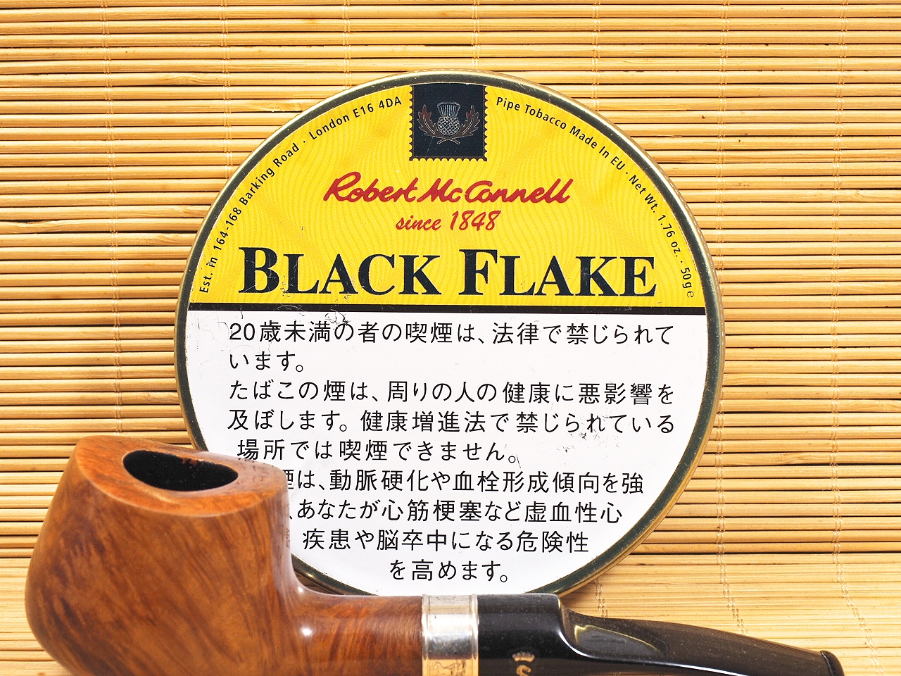 今回はロバート・マッコーネルの「ブラックフレイク」を吸っています。この煙草を最初にレポートしたのは、2020年2月の事でした。 この煙草、国内のショップさん等からの情報(恐らく輸入元が情報源)では「熟成されたダークバージニアのフレイク」とされているのですが、私の最初のレポートでは「もしかしてペリクが入っているかも」と書いています。今回もペリクっぽい喫味を感じたので、改めて調べてみると、海外のネットショップさんからの情報では「Dark Virginia, Black Cavendish and air-cured Perique were pressed into a flake」とあり、やはりペリク入りのブレンドである事が分かりました。おぉ、当時の私の感覚もあながち捨てたもんではなかった!\(^o^)/ ってか、素人の私でもペリクを感じ取れているのに、玄人のはずの輸入元がペリクの存在をすっ飛ばしてしまうとは、どういう事なんでしょう。ブレンド内容の情報として欠かせないくらいの存在感が、この煙草のペリクにはあるように感じるのですが・・・。もしかして輸入元の担当者さんは、自社商品を吸う事なくブレンド情報を書いていたりするんでしょうか。 という事で、この煙草が私の好きなバージニア&ペリク系のフレイクである事がはっきりして、ホクホク顔の私なのでありました。美味しい煙草です。[ホクホク顔の煙草ブログは此方 Click!]
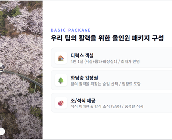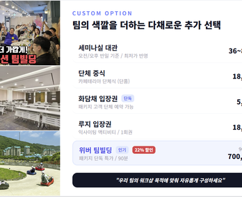 패키지 특가 커스텀 옵션 : 세미나실, 팀빌딩 프로그램, 루지, 화담채(화담숲 내)
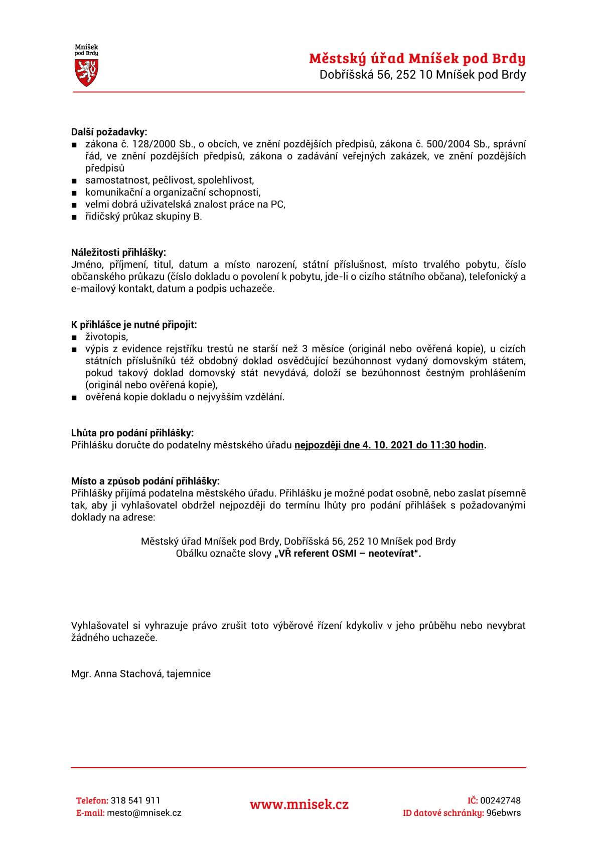 MěÚ Mníšek pod Brdy přijme nového kolegu/kolegyni na pozici REFERENT/KA ODBORU SPRÁVY MAJETKU A INVESTIC

_____

Reproduce the entire listing exactly, but omit any pictures.

 今回はロバート・マッコーネルの「ブラックフレイク」を吸っています。この煙草を最初にレポートしたのは、2020年2月の事でした。 この煙草、国内のショップさん等からの情報(恐らく輸入元が情報源)では「熟成されたダークバージニアのフレイク」とされているのですが、私の最初のレポートでは「もしかしてペリクが入っているかも」と書いています。今回もペリクっぽい喫味を感じたので、改めて調べてみると、海外のネットショップさんからの情報では「Dark Virginia, Black Cavendish and air-cured Perique were pressed into a flake」とあり、やはりペリク入りのブレンドである事が分かりました。おぉ、当時の私の感覚もあながち捨てたもんではなかった!\(^o^)/ ってか、素人の私でもペリクを感じ取れているのに、玄人のはずの輸入元がペリクの存在をすっ飛ばしてしまうとは、どういう事なんでしょう。ブレンド内容の情報として欠かせないくらいの存在感が、この煙草のペリクにはあるように感じるのですが・・・。もしかして輸入元の担当者さんは、自社商品を吸う事なくブレンド情報を書いていたりするんでしょうか。 という事で、この煙草が私の好きなバージニア&ペリク系のフレイクである事がはっきりして、ホクホク顔の私なのでありました。美味しい煙草です。[ホクホク顔の煙草ブログは此方 Click!]
 패키지 특가 커스텀 옵션 : 세미나실, 팀빌딩 프로그램, 루지, 화담채(화담숲 내)
 MěÚ Mníšek pod Brdy přijme nového kolegu/kolegyni na pozici REFERENT/KA ODBORU SPRÁVY MAJETKU A INVESTIC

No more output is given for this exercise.